Cool, underground water keeps this supercomputer ticking
Image: CSIRO/Pawsey supercomputing centre

A few kilometres from the centre of Perth sits the Pawsey Supercomputing Centre. This futuristic building contains several supercomputers, including the fastest computer in the southern hemisphere, Magnus. Pawsey is dedicated to supporting science, but it takes a lot of science to keep the building running.

Fast and hot

Pawsey’s supercomputers are very fast, nearly 40 000 times faster than a new laptop computer. Just as a laptop can get hot, supercomputers get very, very hot. The Pawsey Centre can use 1000 kilowatts of electricity, and most of that energy eventually turns into heat. “The best way to take away all that heat is with water,” says Neil Stringfellow, from the Pawsey Supercomputing Centre. “But we don’t spray that on the machines.”

Instead, CSIRO developed an innovative and sustainable solution to Pawsey’s cooling needs. The first step is common to most computers – fans blow air over the chips to cool them. However, this makes a lot of hot air, which then needs to be cooled. So the air blows through radiators, which are filled with cold water.

Cool from the deep

How do you cool that water? As Neil says, “the heat has to go somewhere.” And in the Pawsey Centre, the eventual destination is underground. “One hundred metres below us there is an underground lake, an aquifer,” says Neil. “And the water there is only ever 21 degrees Celsius.”

Cool water is pumped up from the aquifer, used to cool the system, and is then pumped back underground about one kilometre away. That way, the aquifer will never run out of water.

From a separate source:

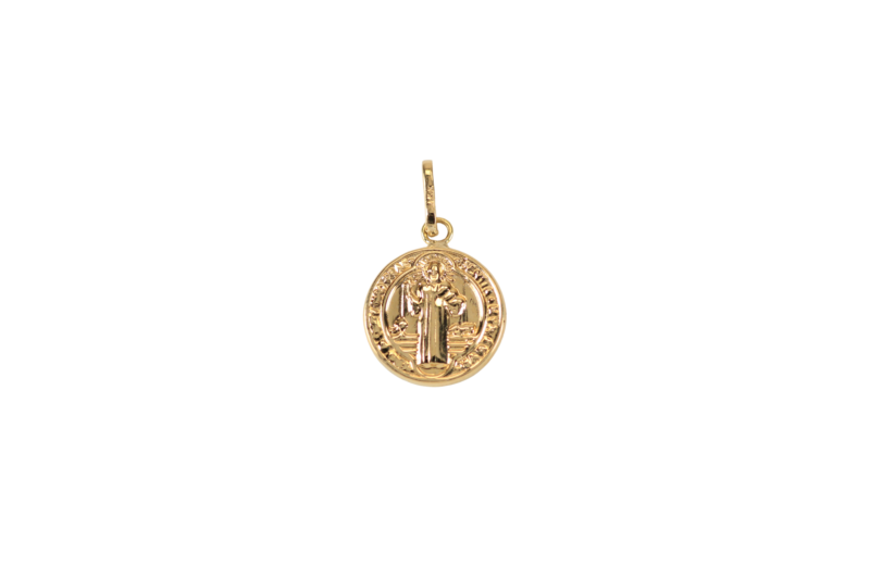 El dije San Benito de 15,4 mm de largo y 12,4 mm de ancho tiene un grosor de 2,2 mm, siendo una pieza llamativa y significativa. Fabricado en oro de 18 kilates, este dije representa la protección y la fe, y su tamaño lo hace ideal para quienes buscan un accesorio con más presencia. Es perfecto para regalar a alguien especial o para usar como una pieza de joyería simbólica que acompañe cualquier conjunto, aportando un toque de espiritualidad y elegancia.

There are plenty of benefits to pumping heat underground. It uses much less electricity than a standard air conditioning system, and less water than the cooling towers found at power plants. It’s also not dependent on the weather. “It could be 46 degrees outside, and the system doesn’t care,” says Neil. Deep underground, it’s still 21 degrees.

Australia does some super science. From hypersonic scramjets to the brand new ASKAP radio telescope, we’re leading the world. But next time you read about a super scientific discovery, think about the infrastructure that made it possible. It’s clever, and very, very cool.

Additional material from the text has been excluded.